There are many ways to do this. Apart from biomaRt, you can use the Mus musculus TxDb object:
> source("https://bioconductor.org/biocLite.R")
> biocLite('TxDb.Mmusculus.UCSC.mm10.ensGene')
> mygenes = c("ENSMUSG00000029847",
"ENSMUSG00000085236", "ENSMUSG00000063364","ENSMUSG00000085247",
"ENSMUSG00000072893","ENSMUSG00000018800","ENSMUSG00000020865",
"ENSMUSG00000023832","ENSMUSG00000045730","ENSMUSG00000007827",
"ENSMUSG00000021950","ENSMUSG00000071847","ENSMUSG00000025154",
"ENSMUSG00000047446","ENSMUSG00000026628","ENSMUSG00000029673")
> mygenes.transcripts = subset(transcripts(TxDb.Mmusculus.UCSC.mm10.ensGene, columns=c("tx_id", "tx_name","gene_id")), gene_id %in% mygenes)

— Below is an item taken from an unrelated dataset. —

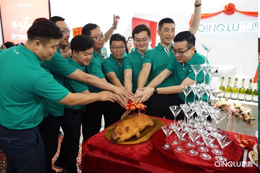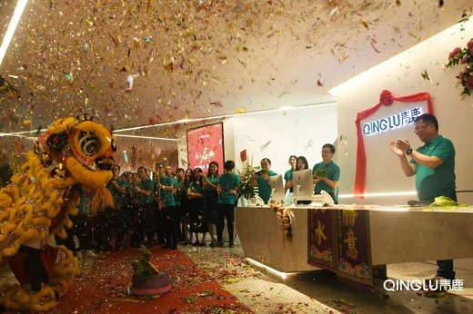 副總裁藍(lán)總宣布揭牌儀式正式開始,公司高層共同為新辦公樓揭牌,隨著紅幕布緩緩落下,青鹿充滿朝氣與活力的logo赫然展示在大家面前。

GRanges object with 62 ranges and 3 metadata columns:
seqnames ranges strand | tx_id tx_name gene_id
<Rle> <IRanges> <Rle> | <integer> <character> <CharacterList>
[1] chr1 [191170296, 191183340] - | 4925 ENSMUST00000027941 ENSMUSG00000026628
[2] chr1 [191171425, 191183108] - | 4926 ENSMUST00000131854 ENSMUSG00000026628
[3] chr2 [135169573, 135215616] - | 13731 ENSMUST00000138303 ENSMUSG00000085247
[4] chr2 [150310935, 150362765] - | 13893 ENSMUST00000051153 ENSMUSG00000063364
[5] chr2 [150310937, 150362733] - | 13894 ENSMUST00000124945 ENSMUSG00000063364
... ... ... ... ... ... ... ...
[58] chr18 [62177817, 62179959] - | 86501 ENSMUST00000053640 ENSMUSG00000045730
[59] chr19 [41766588, 41802047] - | 88750 ENSMUST00000026150 ENSMUSG00000025154
[60] chr19 [41766591, 41802084] - | 88751 ENSMUST00000163265 ENSMUSG00000025154
[61] chr19 [41769800, 41781336] - | 88752 ENSMUST00000176266 ENSMUSG00000025154
[62] chr19 [41769994, 41802047] - | 88753 ENSMUST00000177495 ENSMUSG00000025154
This will create a GenomicRanges
object called mygenes.transcripts
, from which you can access the coordinates of all transcripts of each gene. If you want to avoid complications and prefer to have just one coordinate per gene, use genes()
instead of transcripts()
To get the TSS, just resize the object to one base:
> mygenes.tss = resize(mygenes.transcripts, width=1, fix='start')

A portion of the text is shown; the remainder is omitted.